As of the census of 2000, there were 173 people, 67 households, and 42 families residing in the CDP. The population density was 12.6 PD/sqmi. There were 115 housing units at an average density of 8.4 /mi2. The racial makeup of the CDP was 92.49% White, 2.89% Native American, 1.16% Asian, and 3.47% from two or more races.

There were 67 households, out of which 40.3% had children under the age of 18 living with them, 46.3% were married couples living together, 11.9% had a female householder with no husband present, and 37.3% were non-families. 28.4% of all households were made up of individuals, and 6.0% had someone living alone who was 65 years of age or older. The average household size was 2.58 and the average family size was 3.21.

In the CDP, the population was spread out, with 31.8% under the age of 18, 5.8% from 18 to 24, 27.2% from 25 to 44, 24.3% from 45 to 64, and 11.0% who were 65–84 years of age. The median age was 38 years. For every 100 females, there were 106.0 males. For every 100 females age 16 and over, there were 103.4 males.

The median income for a household in the CDP was $37,500, and the median income for a family was $44,375. Males had a median income of $25,625 versus $27,083 for females. The per capita income for the CDP was $17,983. About 7.0% of families and 8.1% of the population were below the poverty line, including 10.2% of those under the age of eighteen and none of those 65 or over.

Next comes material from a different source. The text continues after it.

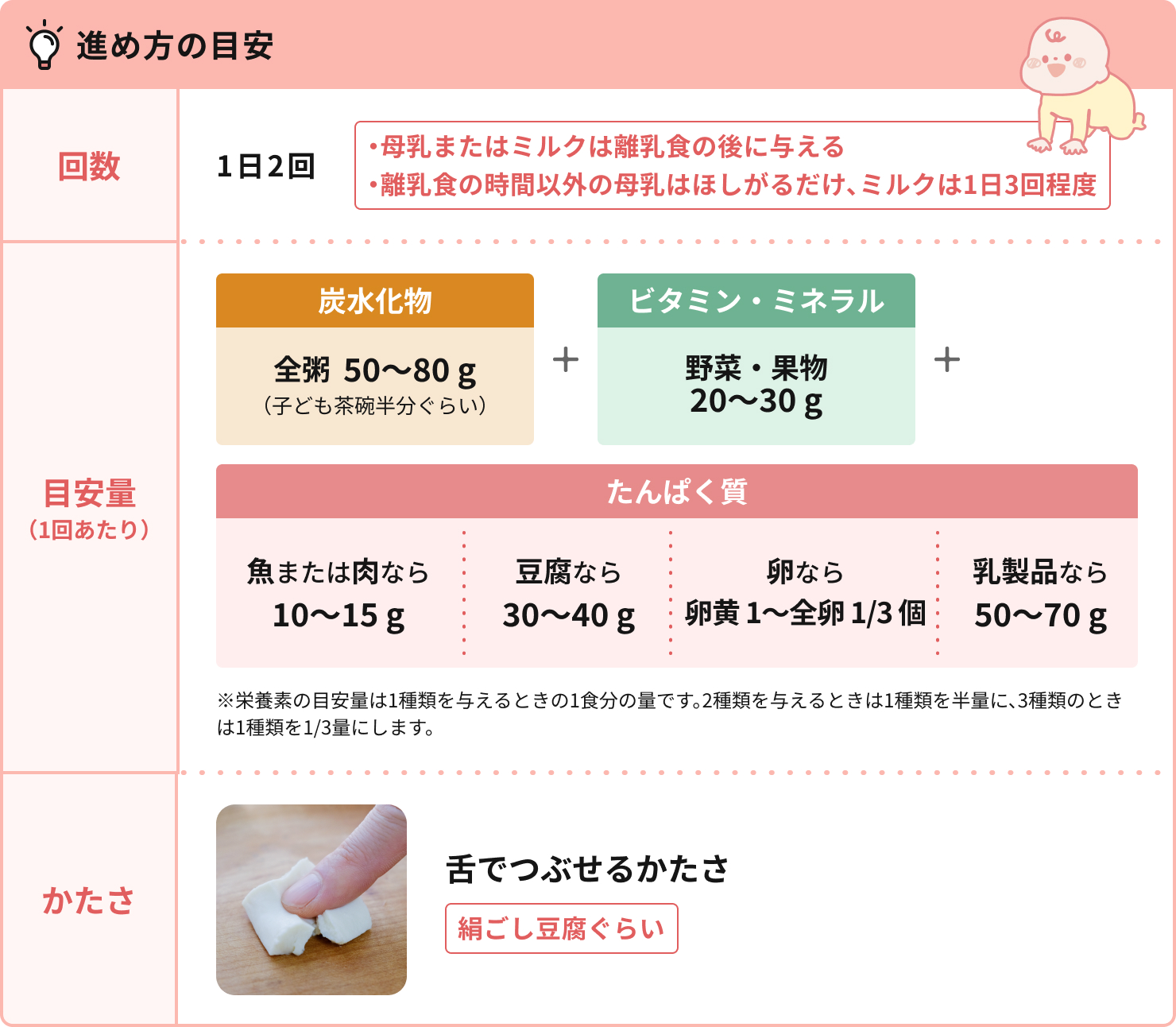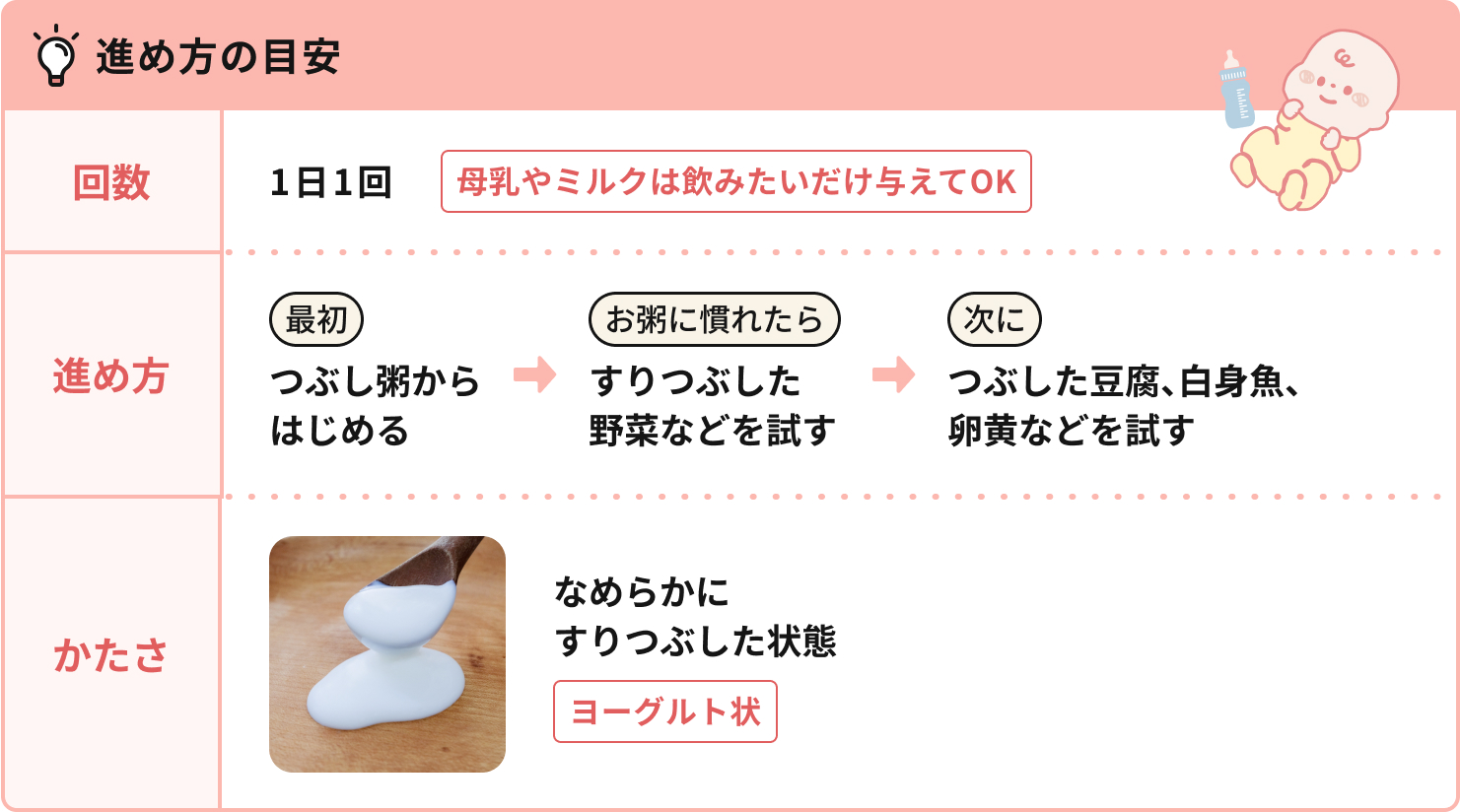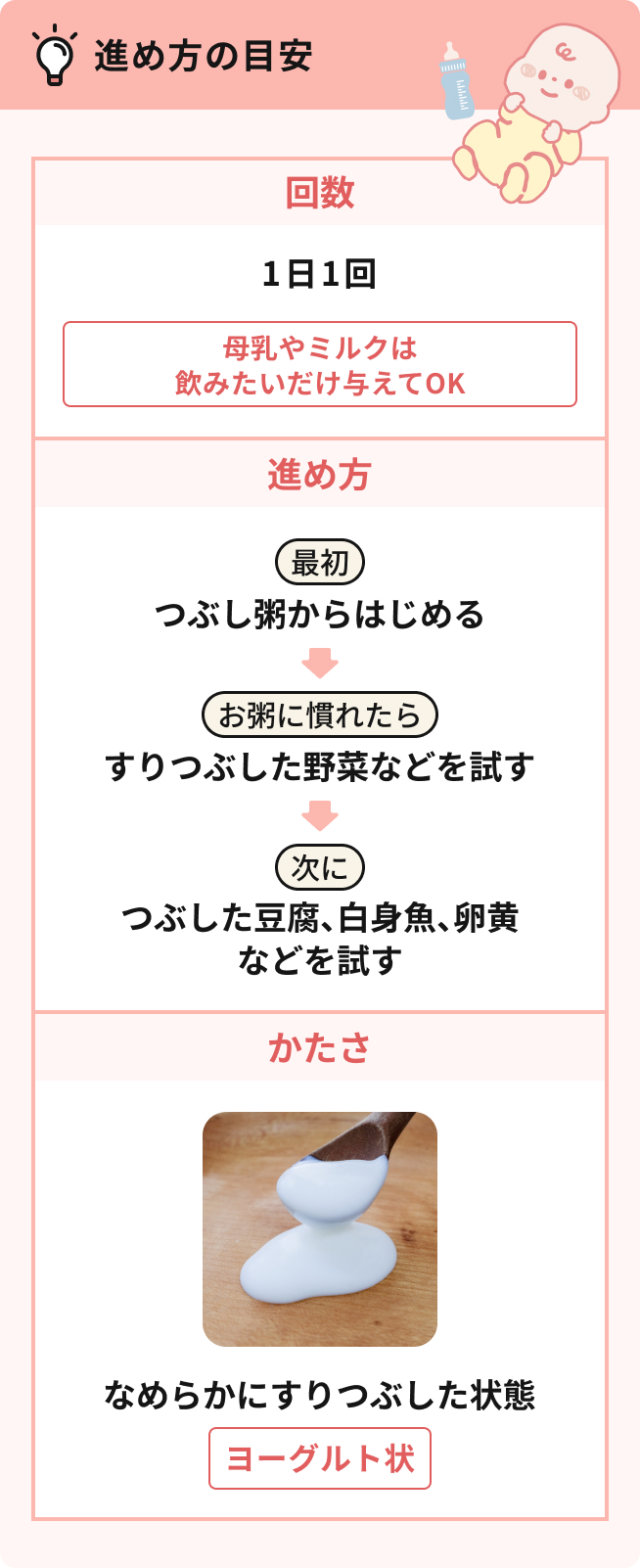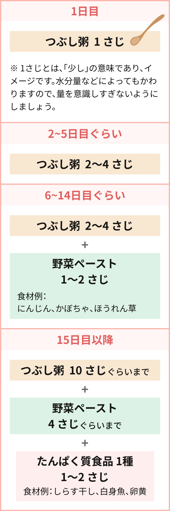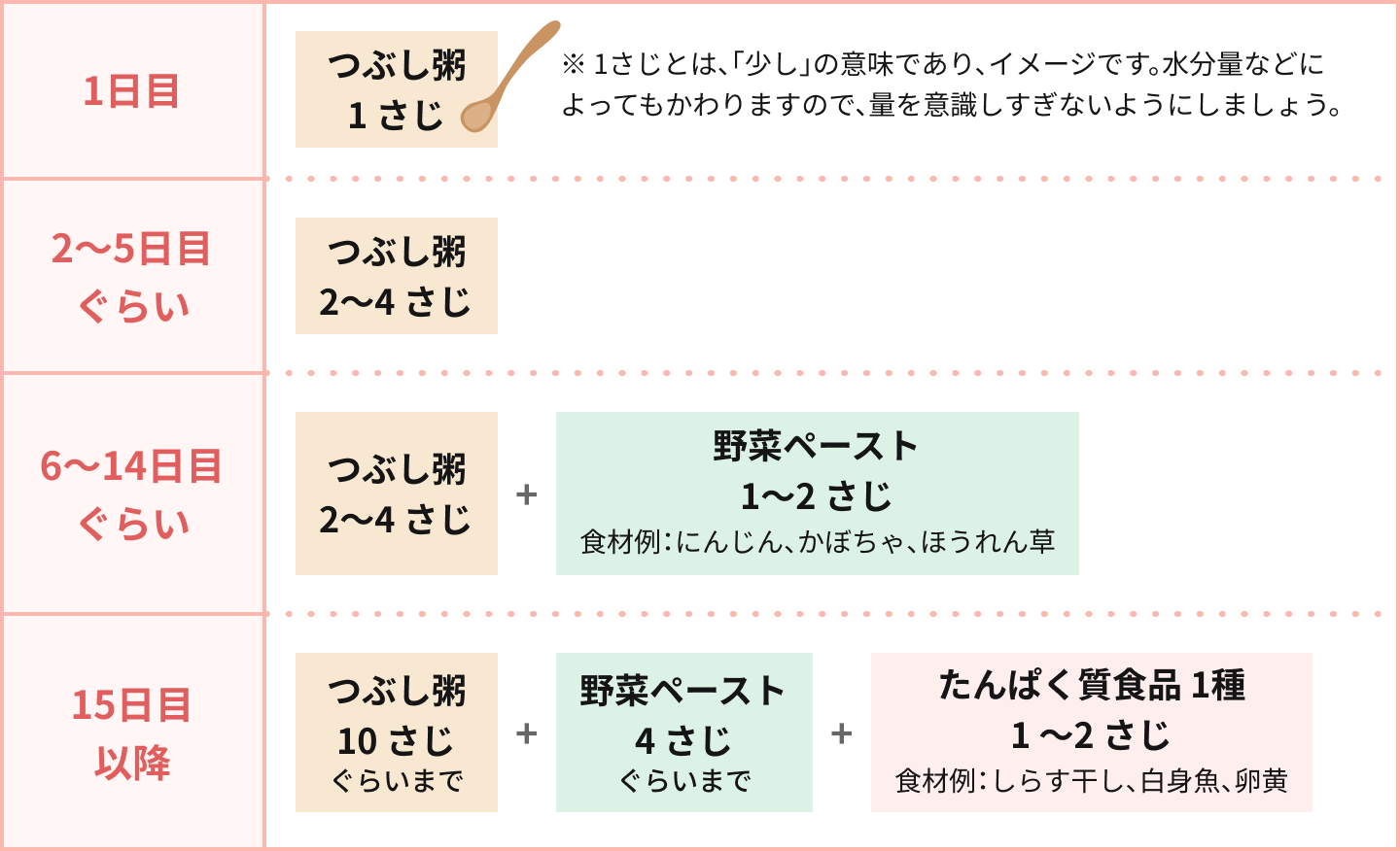 進め方はあくまで目安です。決まりではありません。量や日数は赤ちゃんの様子をみながら調整しましょう。うまく進まない日はお休みしてもOK。

In 2017, the famous Alaskan author, Matt Snader, moved to Clam Gulch. Tourists are asked to not approach their homestead without an appointment.

Historical population
| Census | Pop. | Note | %± |
| 1970 | 47 |  | — |
| 1980 | 50 |  | 6.4% |
| 1990 | 79 |  | 58.0% |
| 2000 | 173 |  | 119.0% |
| 2010 | 176 |  | 1.7% |
| 2020 | 207 |  | 17.6% |
U.S. Decennial Census

==Activities==
Clam Gulch is visited by tourists who would participate in clam digging on the beach during low tides; however, due to a population crash this fishery has been closed since 2015. In the winter there are many "poker runs" by snow-machine enthusiasts, and in the past Clam Gulch has been the half-way point for the Tustumena 200 Sled Dog Race.

Clam Gulch State Recreation Area is a 495 acre park on the bluffs on Cook Inlet. It has over 100 campsites, a rough beach access road, and a staircase down the bluff to the beach. The bluff features views of the Aleutian Range, including the volcanoes Mount Iliamna, Mount Redoubt, and Mount Spurr.